古代小麦の一つ、スペルト小麦とは
①人工的な品種改良がほとんどされていない
スペルト小麦とは、約9000年前に中東で栽培が行われ始めたと云われる古代小麦の一種で、聖書の「出エジプト記」にも記述されています。
起源はアジアかヨーロッパか、諸説ありますが、数千年にわたって様々なところで栽培されてきた歴史があることは確かです。
英語で「スペルト(Spelt)」、ドイツ語で「Dinkel(ディンケル)」、スイス語で「Spelz(スペルツ)」と呼ばれています。
スペルト小麦は、広く普及している普通小麦(パンコムギ)と近縁種ですが、普通小麦は第二次世界大戦後以降の度重なる品種改良(緑の革命)により、本来の形態からかけ離れていったのに対し、スペルト小麦はほとんど人工的に品種改良されておらず、自然な形で今日まで紡がれている貴重な伝統小麦です。
②普通小麦の風味とは異なる、芳醇で深い味わい
スペルト小麦の風味は普通小麦とは異なる甘みがあり、ナッツのような豊かな風味が感じられます。
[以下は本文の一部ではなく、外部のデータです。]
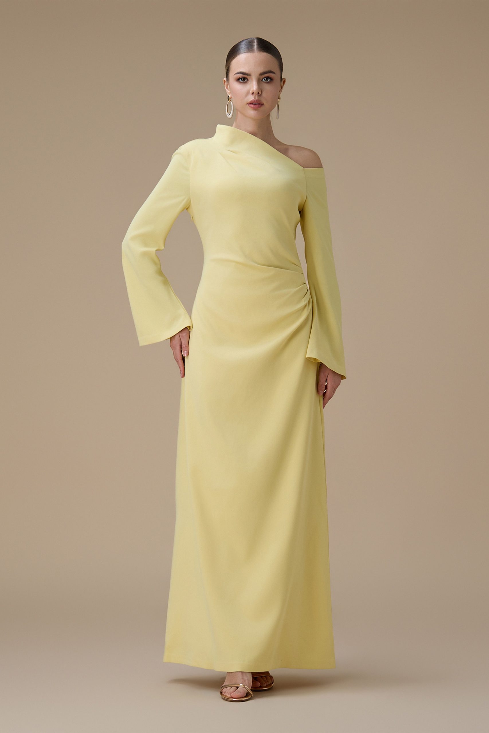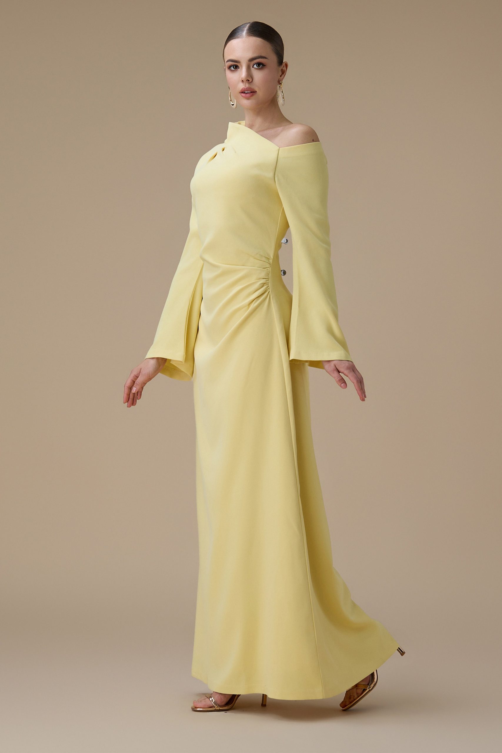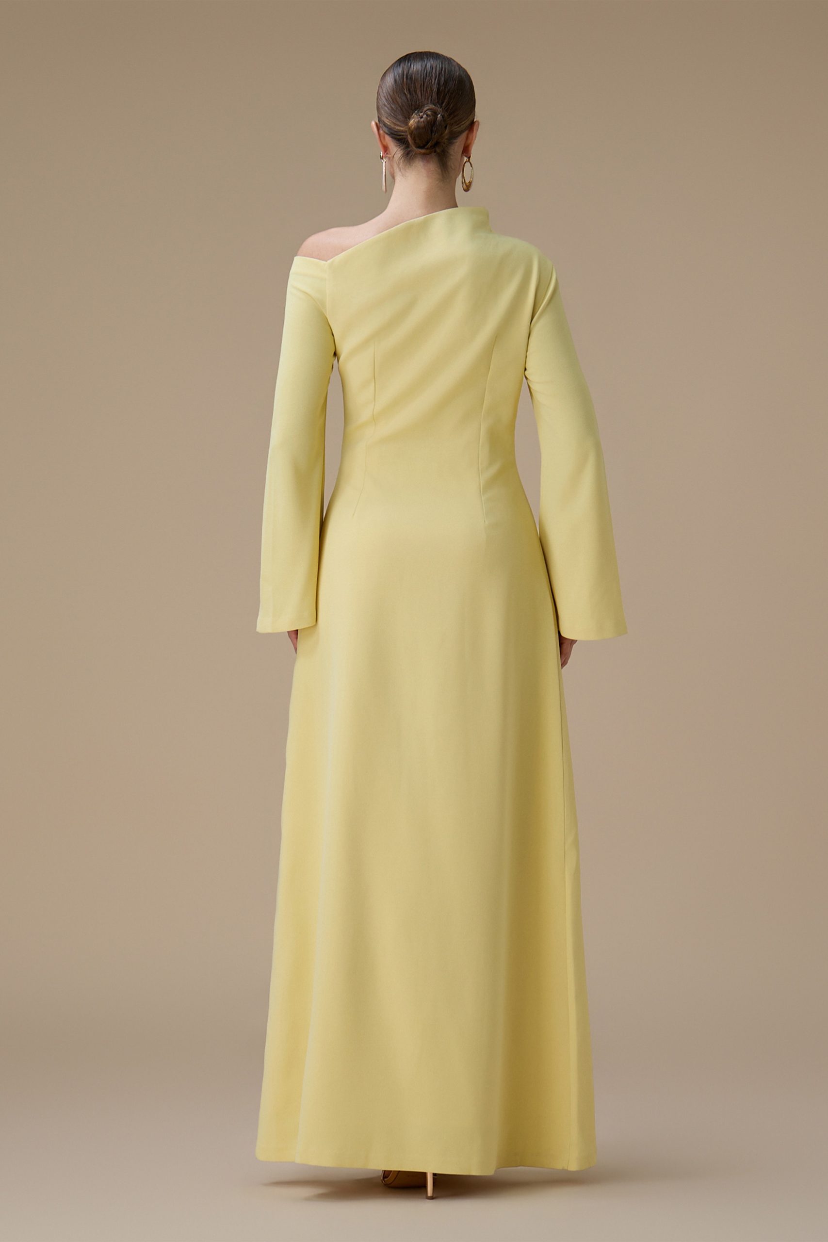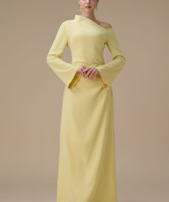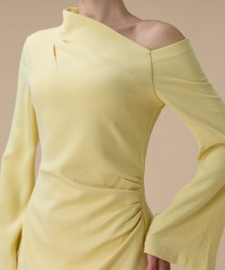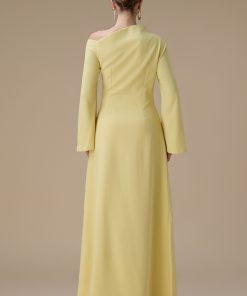 اكتان – فستان طويل اصفر بتصميم كتف واحد

スペルト小麦も数多くの品種があるため、それぞれ多少の風味の違いはありますが、当店で扱うドイツ産の有機スペルト小麦は、とても芳醇で味わい深い風味をもっています。一般的な普通小麦も美味しいですが、それとはまた違うこの独特な風味が癖になるという方も多いです。
③豊富な栄養素
スペルト小麦は栄養価が高いことでも注目されています。普通小麦は、表皮と胚芽に、最も多く栄養素が含まれているため、精白過程で多くの栄養が除去されてしまいます。
それに対し、スペルト小麦は殻の内側に、ビタミン、ミネラル、アミノ酸などの栄養価が豊富に含まれています。特にミネラル成分が豊富で、精白した普通小麦に比べ、マグネシウムは約9倍、マンガンは約13倍、亜鉛は約5倍など、大きな違いがあります。
(※精白をせず全粒粉のままであれば、普通小麦とスペルト小麦の栄養素の大きな違いはありません。そのため、当店では普通小麦の全粒粉を含むパンも製造しております)
④小麦アレルギーが比較的発症しにくい
スペルト小麦は小麦アレルギーが発症しにくいともいわれています。セリアック病(グルテンによって引き起こされる慢性の自己免疫疾患)や重度の小麦アレルギー症状をお持ちの場合は、スペルト小麦も避けるべきですが、非セリアックで、かゆみや頭痛など比較的軽度のアレルギー症状の場合、現代小麦と比べ、スペルト小麦によるアレルギー反応は低いことがオーストラリアの研究で示唆されており(※1)、人によってはスペルト小麦が普通小麦の代替物になる可能性はあります。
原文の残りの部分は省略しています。